Taking only the lines of the data below from the line with "e chiusura asimmetrica." to the line with "Satz von 6 italienischen", ends included, write them out exactly and without pictures.

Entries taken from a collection
==========
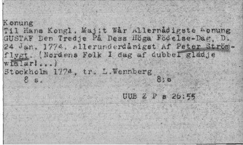 //// Konung //// Til Hans Kongl. Maj ;t War Atlernådigste honung GUSTAF Len Tredje På Dess Höga Födelse-Bag, B. 24 Jan. 3 774. Allerttnderdånigst Af Pe^&.jj.zM-fly&X ? 1 Nord ens Folk I dag af dubbe Jr gläd j e wfmfari. .. | //// Stockho1m 1774, tr. L.Wennberg //// 8 s, 8; o //// UUB ii P s 26:55 ////
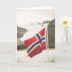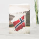 Photo of the Norwegian Flag on the back of a boat. Location: Holandsfjorden, with Engabreen, a part of Svartisven Glacier in the background.
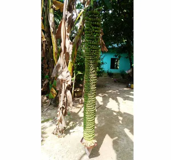 Nhiều ngày nay, người dân ở các khu vực lân cận đổ xô về vườn chị Phạm Thị Thúy tại thôn Dương Đàn, xã Tam Dân, huyện Phú Ninh để tận mắt chứng kiến cây chuối độc đáo với chiều dài buồng chuối gần 2m, chạm sát mặt đất. Trên buồng chuối là chi chít những nải chuối, đếm gần 100 nải, quả chuối mọc vòng, quấn quanh rất đẹp, buồng chuối cao hơn đầu người. Mặc dù buồng chuối đã gần chạm đất nhưng bắp chuối vẫn tiếp tục ra hoa, kết quả.
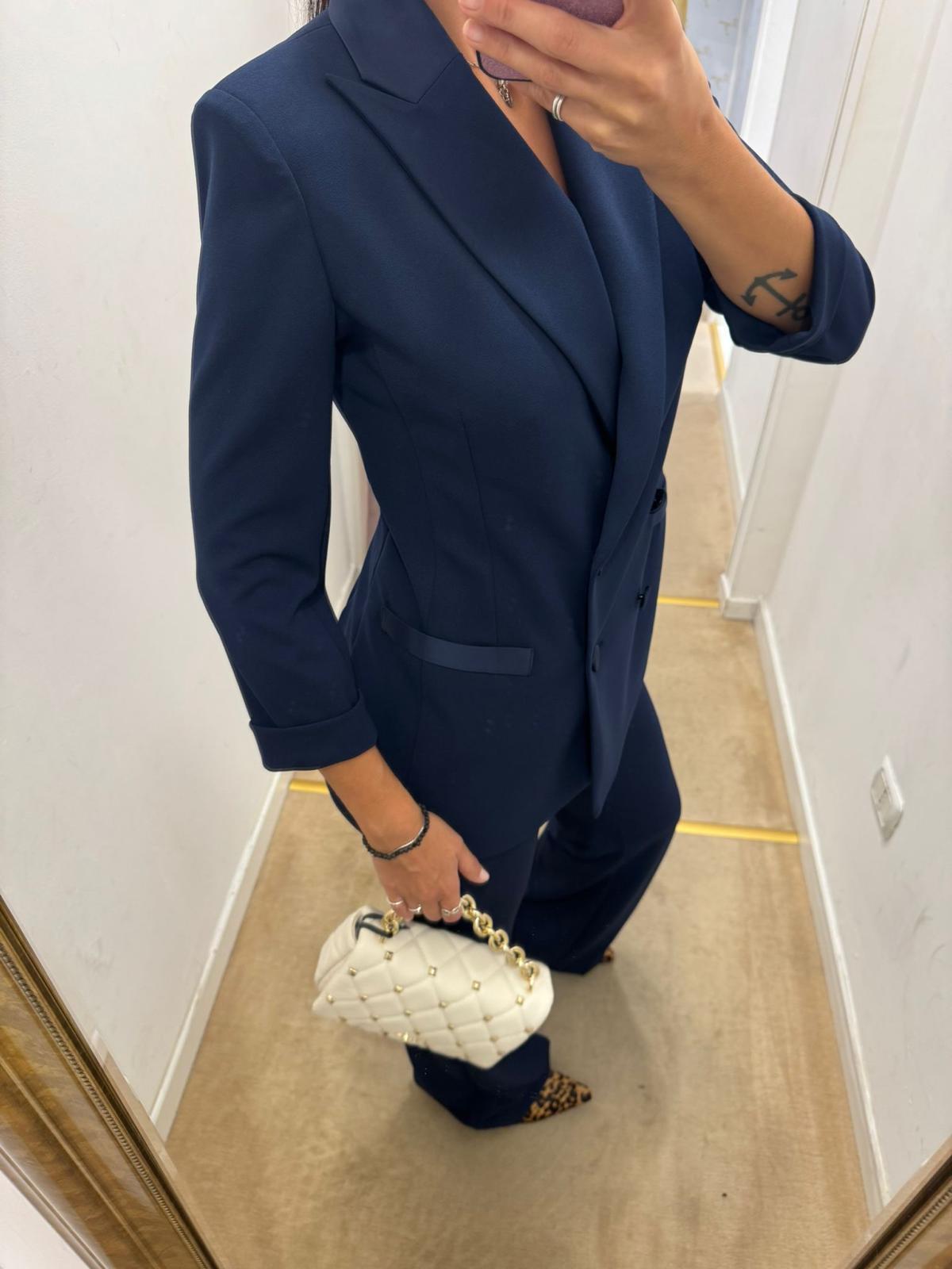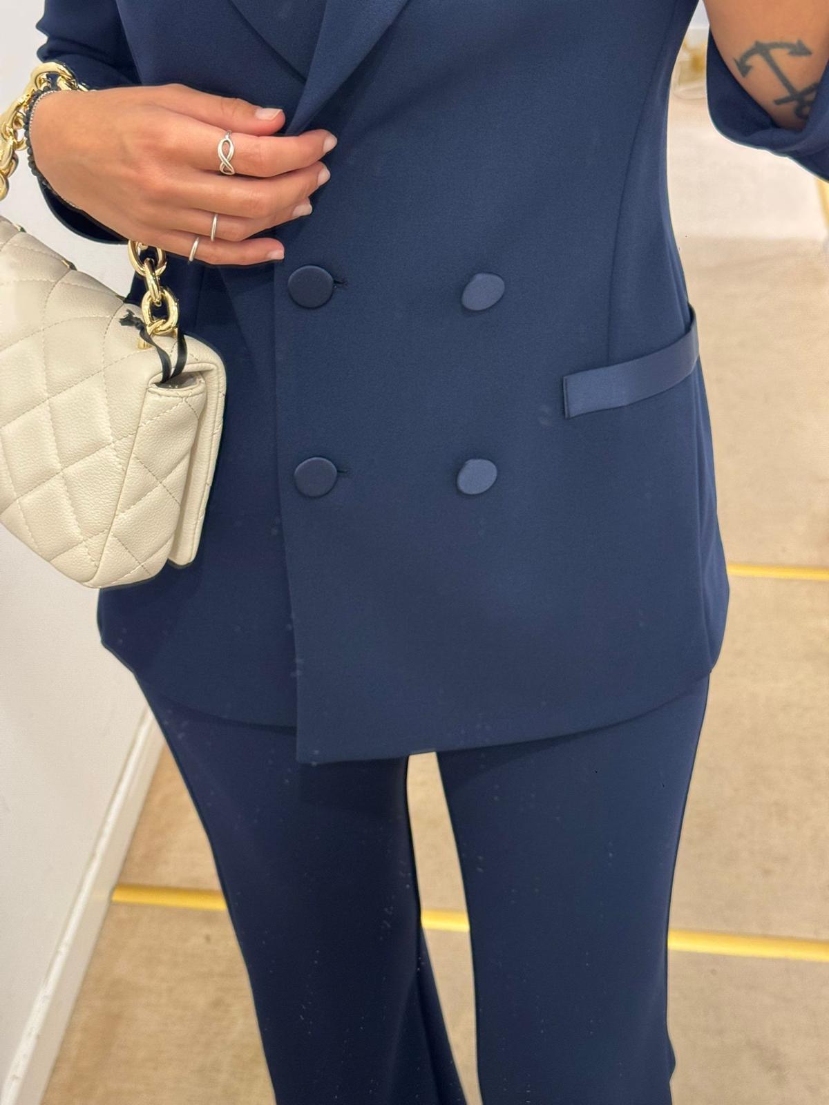• Stile: doppiopetto, con quattro bottoni visibili (due per lato) e chiusura asimmetrica.
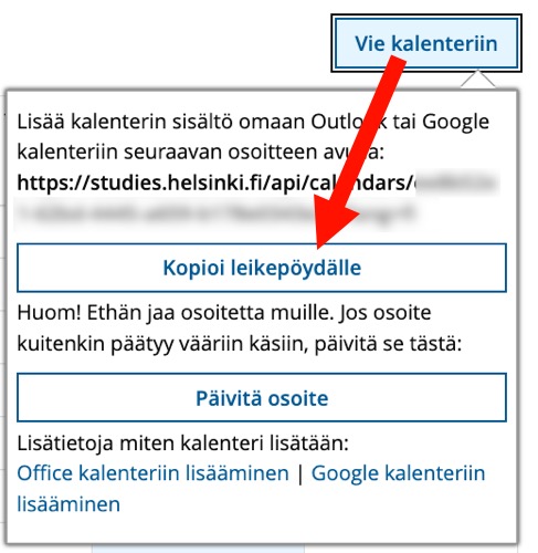 Kalenterilinkin kopioiminen Opiskelu-palvelun kalenterista
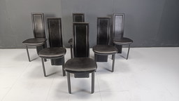 Satz von 6 italienischen Esszimmerstühlen aus Leder und grünem Lack, 1980er Jahre
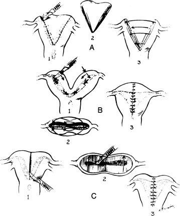 It is necessary to distinguish between the bicornuate and the septate uterus because the bicornuate uterus is infrequently associated with reproductive difficulty, whereas the septate uterus is frequently associated with reproductive failure. The distinction between these two types of uteri cannot be made by examination of a hysterogram: The image of the cavities may be exactly the same. With the bicornuate uterus, two distinct horns are observed; with a septate uterus, the exterior configuration of the uterus is normal. Although the diagnosis of müllerian anomalies traditionally has been made with the use of hysterosalpingogram, sonogram, diagnostic laparoscopy, and occasionally, laparotomy, magnetic resonance imaging (MRI) has been shown to be useful in characterizing and delineating more clearly the exact nature of the müllerian defect.31 There have been no studies attempting to clarify the reasons why some double uteri cause reproductive loss wherea others provide a series of normal pregnancies. It has been suggested that increasing intrauterine pressure with relative cervical incompetence may be responsible for premature delivery, whereas habitual abortion may be the result of a poor blood supply to the endometrium through the septum.32 It has also been suggested that the luteal defect associated with a double uterus may be a result of the local vascular insufficiency and not a hormonal deficiency. The etiology of reproductive failure in patients with a double uterus awaits further study by histologic techniques of various parts of the endometrium with hormonal correlation and the use of blood-flow studies. Until this is done, identification of the double uterus that causes difficulty may be made only after the fact by clinical trial. A small percentage of patients with a symmetric double uterus have abnormalities of the urinary tract; 9% of patients with a double uterus have been noted to have congenital absence of a single kidney.33 As a rule, the more severe the uterine anomaly, the more likely an anomaly of the urinary tract. Urologic evaluation is recommended for all patients with a double uterus. As only one in five patients with a double uterus will have reproductive loss as a result of the uterine anomaly, a complete evaluation for habitual abortion should be performed.33 This should include an endometrial biopsy and karyotypic analysis. Further studies, as indicated by history, should include thyroid-stimulating hormone, thyroid profile, mycoplasma culture, and antibody titers for toxoplasmosis, herpes, and cytomegalic inclusion disease. Uterine unification as treatment for repeated pregnancy loss should be attempted only after a complete and thorough evaluation. The history of the miscarriage is particularly significant. A characteristic story is that of an early midtrimester loss associated with a minilabor starting with cramps and followed by bleeding. In miscarriages that occur in the first trimester, when there is a history of lack of recognition of an embryo, it is necessary to suspect that the cause is other than the anatomic defect of the uterus. Nevertheless, histories that differ from the typical one described previously are sometimes encountered. When a correctable endocrine or metabolic cause of reproductive loss is identified, it should be corrected before any surgical procedure is considered. When the double uterus is the only factor associated with repeated pregnancy loss, surgical correction may be performed. Several authors have presented concerns with reference to the type of metroplasty for a particular uterine anomaly. Technical simplicity, vascularity of the incision, trauma to the remaining myometrium, soundness of the uterine scar, and interference of subsequent uterine activity have been stressed. The suggestion that little or no myometrial tissue be removed with the repair has also been emphasized. There are three principal types of abdominal procedures (Fig. 17).34,35,36 Modifications of these procedures are numerous, each claiming some advantage. Our own experience has been exclusively with excision of the septum by wedge. Excessive blood loss should not present a problem with any unification procedure with the injection of a dilute solution (20 units in 20 mL saline solution) of vasopressin (Pitressin) into the myometrium. The wedge technique invariably results in a small reduction in the size of the uterine cavity. However, this does not appear to interfere with subsequent pregnancy success. Several points should be emphasized in performing a wedge metroplasty (Fig. 18):
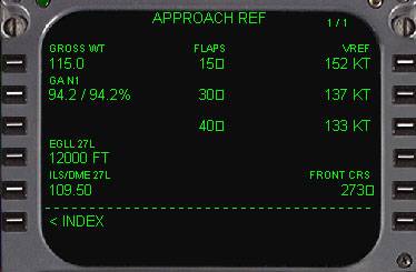 15,30,40 ・ FMCによって計算されたフラップセッティングのランディングVrefを表示します。速度は表示されているGROSS
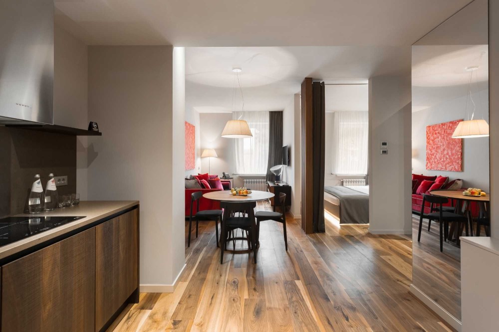 Розділено на спальну та гостьову зони, оснащені індивідуальною кухнею, в якій є все необхідне для приготування. Вбиральні та санвузлом. Ідеально підходить для сімейного проживання.
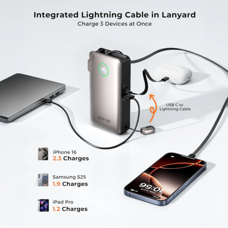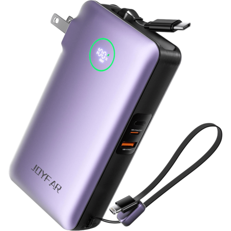 JOYFAR 25,000mAh GaN 65W Power Bank w/ Wall Plug & Retractable USB-C Cable
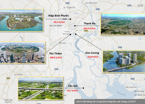 Trong khi đó, với vị thế cách quận 1, khu trung tâm hiện hữu của TP HCM chỉ một bờ sông, bán đảo Thủ Thiêm (quận 2) đã tăng giá 138% so với cùng kỳ. Giá đất bình quân tại Thủ Thiêm hiện nay đạt 188,6 triệu đồng mỗi m2.
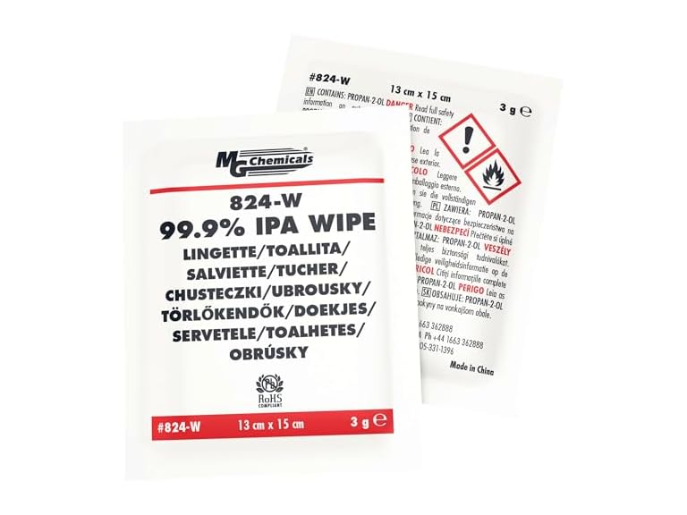 - MG Chemicals - 824-WX50 99.9% Isopropyl Alcohol Handy Wipe, 6" Length x 5" Width (Bag of 50)
==========
Your response:
• Stile: doppiopetto, con quattro bottoni visibili (due per lato) e chiusura asimmetrica.
 Kalenterilinkin kopioiminen Opiskelu-palvelun kalenterista
 Satz von 6 italienischen Esszimmerstühlen aus Leder und grünem Lack, 1980er Jahre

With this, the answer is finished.